Problem requirements ::
Quote only the span from the first line of the entries to the line containing "Cosa è compreso: Tino", both ends kept. Leave every picture out.

Data to process ::
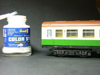 Damit die Pulverfarben insbesondere auf den glatten Flächen besser haften, sollten die Fahrzeuge grundiert werden. Am einfachsten geht das mit einer Grundierung aus der Airbrush-Pistole. Aber auch billiger Haarlack eignet sich - sofern ein unbedingt nötiger Verträglichkeitstest (!) keine negativen Ergebnisse zeigte.
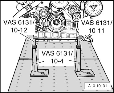 - Position support elements from (VAS 6131/10) at front on engine as shown in illustration.
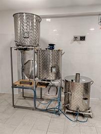 Cosa è compreso: Tino mash-filtro con pale rotanti meccaniche + fondo filtrante + piastra per lo sparge; Tino Sparge; Tino boil con tubature per Whirpool; Fermentatore troncoconico da 200 litri con Piastra refrigerante, Scambiatore Maxi XL saldobrassato; Struttura portante con fornelloni
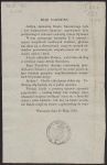 Włościanie Województwa Krakowskiego! [W oczach Waszych tocząca się wojna od pięciu miesięcy...] : Dnia 21 Czerwca 1863 roku [S.l. : s.n., 1863]; [1] k. 40x25 cm |  Mieszkańcy Warszawy! [Komitet Centralny Narodowy przyjmując na swoje barki całe brzemię Rządu Tymczasowego...] [Warszawa : s.n., 1863]; [1] k. 24x20 cm |  Mieszkańcy Galicyi Zachodniéj! [Smutne doświadczenie ostatnich czasów przekonało...] [S.l. : s.n., 1863?]; [1] k. 22x17 cm |  Obligacyja Tymczasowa Pożyczki Ogólnéj Narodowéj : w myśl Dekretów Rządu Narodowego z dnia 10° Października i 15° Grudnia 1863 roku ustanowiona : 40 : Czterdzieści Złotych Polskich / [Komissya Długu Narodowego ; Rząd Narodowy] [S.l. : s.n., 1863]; [2] s. 14x22 cm |
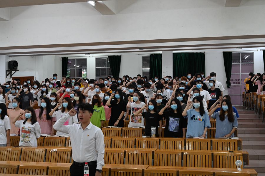 会议伊始,班团干部代表王玮佳、邓丽芬从考试的重要性、诚信考试、备考小贴士、“4+X”培养、假期安全以及疫情防控这六方面进行讲述。列举往年作弊违纪学生的案例,分析其作弊行径和作弊心理,强调作弊违纪的危害以及严重后果、着重说明考风考纪建设的重要性和必要性,呼吁同学们在接下来的考试中,端正考试态度,严守考风考纪,抵制作弊行为,随后,带领全体同学进行诚信考试承诺宣誓。
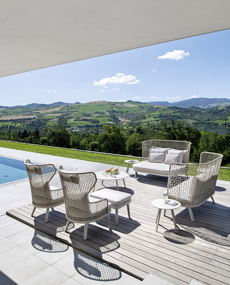 Emma daybed with high backrest combines the relaxation of the sun lounger with the conviviality of the sofa, creating a unique outdoor piece of furniture. The hand-woven backrest is the motif that most characterizes the design of this daybed, a delicate surface where you can rest comfortably and find peace, as well as shelter from the wind and sunlight. Ideal for both residential and contract spaces, the Emma high-back daybed furnishes with style, giving personality to the outdoors.
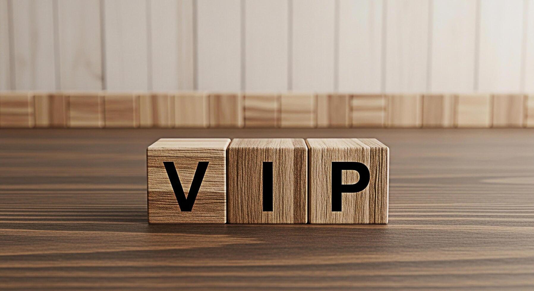 Wooden blocks spelling VIP on a wooden surface against a wood panel background representing exclusivity and premium access creating a sense of importance and privilege in a sophisticated setting photo
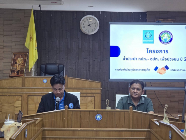 วันพุธที่ 25 มิถุนายน 2568 การประปาส่วนภูมิภาคสาขาภูเก็ต ภายใต้การบริหารงานของ นายสุกฤษฏิ์ กลิ่นสนธิ์ ผู้จัดการการประปาส่วนภูมิภาคสาขาภูเก็ต มอบหมายให้ นายวรวัฒน์ ต่อติด หัวหน้างานบริการและควบคุมน้ำสูญเสีย 1 นายเอกวัฒน์ สุขประจันทร์ หัวหน้างานผลิต และนางอารีรัตน์ สัมพันธรัตน์ หัวหน้างานอำนวยการ ร่วมกับงานควบคุมคุณภาพน้ำ 2 การประปาส่วนภูมิภาคเขต 4 พร้อมทั้งพนักงาน ลูกจ้างในสังกัด ลงพื้นที่จัดกิจกรรม โครงการน้ำประปา กปภ.- อปท. เพื่อปวงชน ประจำปี 2568 ณ เทศบาลตำบลเทพกระษัตรี ตำบลเทพกระษัตรี อำเภอถลาง จังหวัดภูเก็ต โดยกิจกรรมในครั้งนี้ กปภ.สาขาภูเก็ต และเทศบาลตำบลเทพกระษัตรี ได้ร่วมกันแลกเปลี่ยนความรู้เกี่ยวกับระบบการผลิตน้ำประปา ระบบจำหน่ายน้ำประปาและควบคุมน้ำสูญเสีย พร้อมทั้งได้ให้ความรู้และสาธิตการตรวจสอบคุณภาพน้ำเบื้องต้น เพื่อส่งเสริมและยกระดับคุณภาพน้ำประปา ให้ประชาชนอุปโภคบริโภคน้ำประปาที่สะอาด ได้มาตรฐานอย่างเท่าเทียมและทั่วถึง
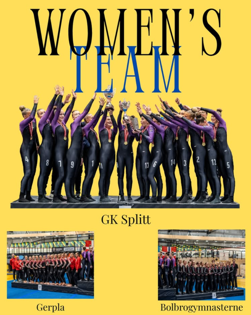 Kvinner: Gull gikk til GK Splitt fra Sverige, som leverte en stabil og teknisk sterk konkurranse gjennom hele mesterskapet. Sølv gikk til Gerpla fra Island, mens bronse ble sikret av Bolbrogymnastarne fra Danmark.
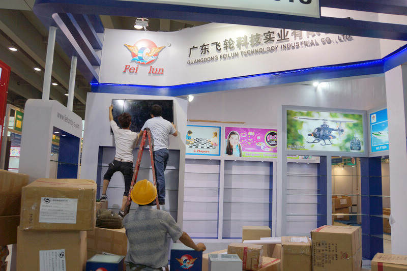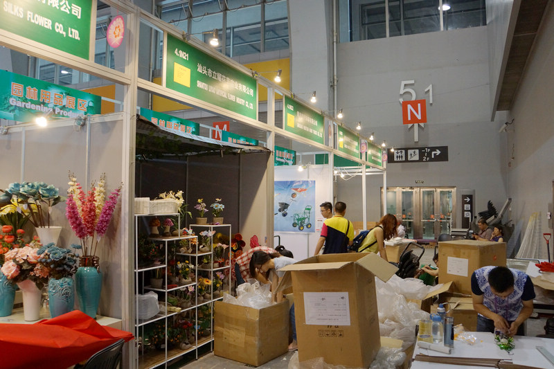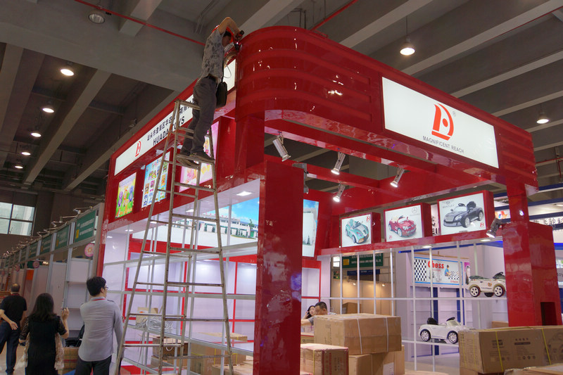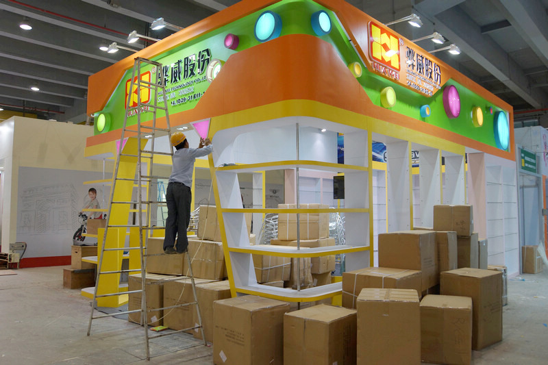 4月22日,第115届广交会汕头分团第二期各参展企业正在争分夺秒进行装修布展。
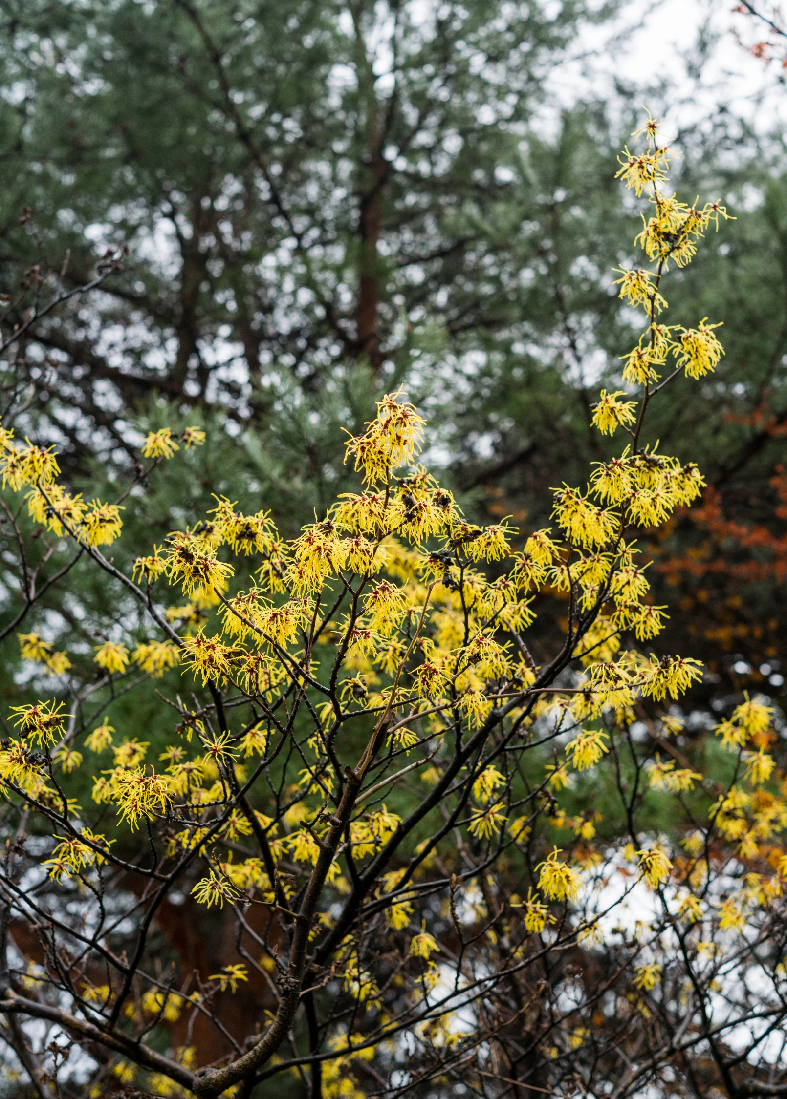 Witch Hazel’s late-fall blooms add a vibrant yellow pop to their muted winter backdrop and come equipped with a serious cold hardy tolerance. As their flowers bloom, you can find their fruit maturing simultaneously, which is where the plant’s name, Hamamelis (meaning “together with fruit”) originates. Once established, Witch Hazel holds its own, being cold hardy, drought tolerant, and quite pest resistant. They make reliable shrubs to track down underground water sources in the wild and are sometimes referred to as “water-witches” because of such.
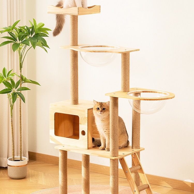 サイザル麻柱一体型無垢材猫クライミングフレーム猫の巣キャットツリースペースカプセルおもちゃ猫用品猫棚

Answer to this exercise ::
 Damit die Pulverfarben insbesondere auf den glatten Flächen besser haften, sollten die Fahrzeuge grundiert werden. Am einfachsten geht das mit einer Grundierung aus der Airbrush-Pistole. Aber auch billiger Haarlack eignet sich - sofern ein unbedingt nötiger Verträglichkeitstest (!) keine negativen Ergebnisse zeigte.
 - Position support elements from (VAS 6131/10) at front on engine as shown in illustration.
 Cosa è compreso: Tino mash-filtro con pale rotanti meccaniche + fondo filtrante + piastra per lo sparge; Tino Sparge; Tino boil con tubature per Whirpool; Fermentatore troncoconico da 200 litri con Piastra refrigerante, Scambiatore Maxi XL saldobrassato; Struttura portante con fornelloni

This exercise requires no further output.